Driven by a desire to reduce maintenance costs, increase computing power, and exploit the massive rise in data volumes, clients reach out to MHI for help in either transitioning legacy analytical systems into Google Cloud or building out entirely new Google Cloud analytical solutions.
MHI, therefore, has a compelling need to understand the data structures, content, and relationships within client system data to prevent data anomalies or defects from going undetected when migrating to Google Cloud as well as shaping the design of the target platform.
This discovery exercise is what is commonly referred to as 'data profiling'.
Data profiling forms a core component of data management and is crucial to the many complex data engineering initiatives that specialist data firms like MHI undertake.
The typical client of MHI is looking to analyse billions of data elements from sources such as:
- Google, Facebook ad networks
- In-app event streams
- Finance market event data (such as Bloomberg)
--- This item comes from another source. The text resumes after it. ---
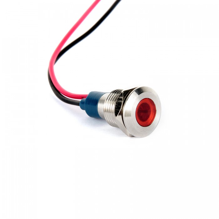 10mm Delik Çapına Uyumlu Düz Kafa Metal Kırmızı LED Işıklı Sinyal Lambası

- Corporate sales and finance data
Data profiling speeds up the design and development of the analytical cloud platform solutions that will leverage this source data whilst identifying all of the transformations and data cleansing activities required to transition the data safely.
But despite a busy data profiling vendor marketplace, MHI had struggled to find a traditional profiling solution that could cope with the evolution of data volumes and processing performance typified by cloud computing (as well as work well with the new cloud technology stack).
The tools they initially tested originated from the previous ‘on-prem’ data management and engineering era, where volumes and compute speed were far lower. These legacy tools left MHI with a gap when attempting to scale data profiling economically and reliably for a cloud-based technical stack.
Darius Kemeklis, EVP of the MHI Google Cloud Practice, explains:
"We had grappled with the existing data profiling technologies for some time. Many of the tools were limited in their outputs and analytics, making it impossible to share insights with clients.
But the biggest challenge was scale.
Either the legacy profiling architectures meant we were forced to rely on sampling (which didn't address our needs), or they were too cumbersome to support a consulting workflow that requires the analysis of thousands of attributes and billions of data points".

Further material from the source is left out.